If you are pulling data over Gigabit Ethernet about the maximum I would ever expect to see would be about 250 GB/hr with a very light non-backup network load but that's quite a bit above what you are getting so it doesn't sound like the network should be the primary issue.
New Member

Re: StorageWorks 1/8 G2 Tape Autoloader

Thanks Curtis. Starting to regret buying this device.
New Member

Re: StorageWorks 1/8 G2 Tape Autoloader

Actually, I tried backing up the very machine the drive was connected to and still only got 60 GB/hr. So that would tell me that the network is not the primary issue. Down to the controller or even Retrospect. I'm having Retrospect do data compression and maybe that extra task is slowing things down.
Respected Contributor

Re: StorageWorks 1/8 G2 Tape Autoloader

A couple of points...

- Compression is a very CPU-intensive task. It's very likely that trying to compress data on the server is slowing your backup performance down. Check in your OS tools for something to monitor CPU use and see the difference between compression on and off.

- I believe that all modern tape drives perform compression natively in the hardware of the tape drive itself -- certainly that LTO drive does. It is only necessary to ensure that your backup application knows the drive supports compression, and to not turn it off! There is no benefit to compressing on the server and then on the tape drive; in fact, since well-compressed data can't be compressed again, this could well slow things down (and will certainly make the size on tape larger than after one compression, as you're putting compressed data in two wrappers, instead of just one.)

- The 576GB/hour assumes that the data hitting the tape drive is compressible at 2:1. If you're already compressing the data on the server, it's compressible at *less than* 1:1. The native speed for this tape drive (the speed it would write uncompressible data, or with compression turned off, is 288GB/hour, or 80MB/second.

- Get a tool to test how fast you can read from your disks. Although the tape drive itself can do 80MB/sec native, it's very possible that the source systems can only read data at a fraction of that speed.

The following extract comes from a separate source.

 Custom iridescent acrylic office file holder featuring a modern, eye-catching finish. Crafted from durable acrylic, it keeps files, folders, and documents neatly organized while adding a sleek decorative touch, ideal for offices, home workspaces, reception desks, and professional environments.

Because of file system fragmentation, small files, contention from other processes, etc., even fast servers may not be able to read the data from disk faster than 10- or 20MB/second.

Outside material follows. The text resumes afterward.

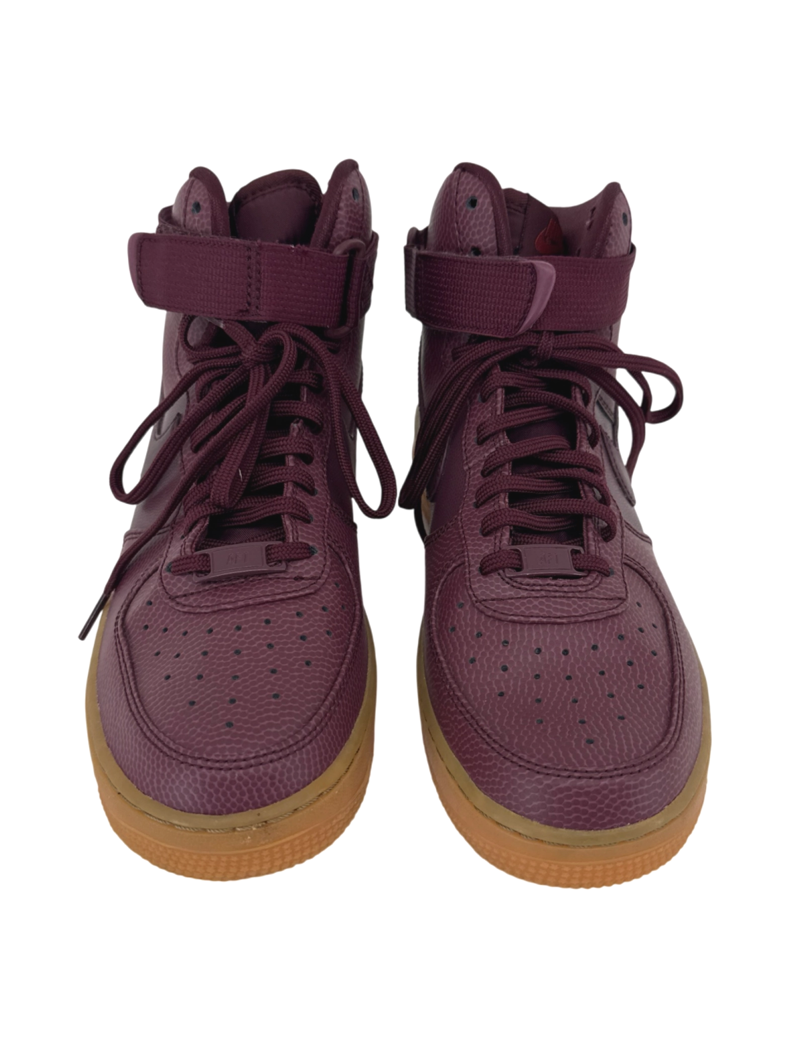 Elevate your street style with these pre-owned Nike Air Force 1 High-Top sneakers. Crafted with a rich burgundy leather upper, these shoes feature a classic high-top design and a durable brown sole. The iconic Nike swoosh and Air branding add a touch of heritage. These sneakers are a versatile addition to your wardrobe, perfect for casual wear or adding a sporty edge to any outfit. They're in excellent condition, offering both style and comfort for everyday use.

- I've had no experience with how OSX handles network traffic, but I know that on Windows, trying to back up too many simultaneous clients through a single NIC, or, trying to use too many NICs simultaneously for backup, can cause a lot of CPU load, and therefore decrease the aggregate backup speed once you get to a certain point. Monitor CPU use as well as LAN traffic and backup speed as you go from 1 to 2 to ... simultaneous jobs and find your 'sweet spot'.

Solutions, if the network clients are the bottleneck (and assuming you are not using Dantz to do compression!)? I'd suggest a few possibilities.

1) If it supports it, consider using Dantz to interleave or multiplex -- that is, in a single backup job, have the data from several clients concurrently go to one tape. The advantage is, you can use your tape drive more efficiently for backups. The disadvantage is, that a restore will take longer (since the tape drive will have to read through more blocks to get to the one server you want to restore). Or,

2) Consider staging backups to a disk partition, then copying them to physical tape. I don't know if Dantz supports this, but if it does, it's a reasonably inexpensive HW solution, that can be scripted to make it pretty automatic. Or,

3) Use a VTL (Virtual Tape Library) product, like the HP D2D Backup System, to give you the ability to run many simultaneous backup jobs to virtual tape targets, and then copy those jobs to physical tape afterward for archiving and disaster recovery.